Stable isotope measurements have been increasingly used as a method to obtain information on relationships between plants and their environment (Dawson et al., 2002). Stable isotopes are seen as a powerful tool for advancing our knowledge on stock cycling and, nitrogen and carbon isotopic compositions have provided key insights into biogeochemical interactions between plants, soils and the atmosphere (Robinson, 2001). For the stable isotope measurements, the δ13C isotopic signature has been used successfully to disentangle physiological, ecological and biogeochemical processes and, δ15N studies have significantly improved our knowledge on nitrogen cycling pathways and nitrogen acquisition by plants (Vallano and Sparks, 2008).

For the stable isotope measurements, traditional laboratory methods using isotope analysis are accurate and reliable, but usually time-consuming and expensive. Near-infrared spectroscopy (NIRS) analysis provides rapid, accurate and less expensive estimation. NIRS have been made to estimate herbage parameters using statistical methods such as multiple linear regression and partial least square regression (PLSR). PLSR uses all available wavebands in multivariate calibration for quantitative analysis of the spectral data. However, previous studies indicated that PLSR with waveband selection might improve their predictive accuracy in multivariate calibration at laboratory (Leardi, 2000) and the selection of appropriate wavelengths can refine the predictive accuracy of the PLS model by optimizing important spectral wavebands both in laboratory NIRS (Jiang et al., 2002).
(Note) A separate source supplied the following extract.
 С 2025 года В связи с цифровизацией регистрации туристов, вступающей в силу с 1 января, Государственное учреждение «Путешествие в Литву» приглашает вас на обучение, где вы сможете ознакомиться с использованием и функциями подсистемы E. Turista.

To optimize important spectral wavebands by wavelength selection, genetic algorithms (GA) is widely used, because GA has the ability to simulate the natural evolution of an individual and GA is well suited for solving variable subset selection problems (Ding et al., 1998).
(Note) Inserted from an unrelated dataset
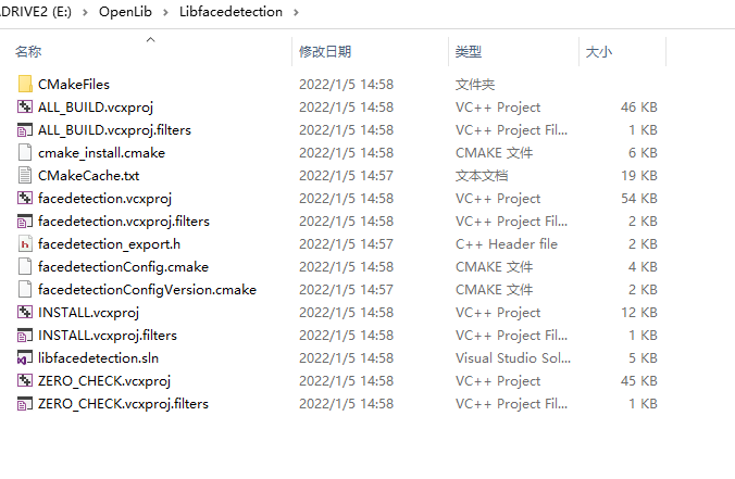 选择libfacedetection.sln,build ALL_BUILD,以获得Lib文件,见下图:

Barley and pea mixture is one of the most important forage species for livestock farming in Korea. To investigate nitrogen fixation and transfer in barley and pea mixture, stable isotope measurements was widely used. However, there was no research to estimate stable isotope in barley and pea mixture using NIRS in Korea. The aim of this study was to investigate performance of NIRS with PLSR using genetic algorithms based wavelength selection (GA-PLSR) and compare with PLSR without wavelength selection (FS-PLSR) for the estimation of δ15N and δ13C in barley and pea mixture.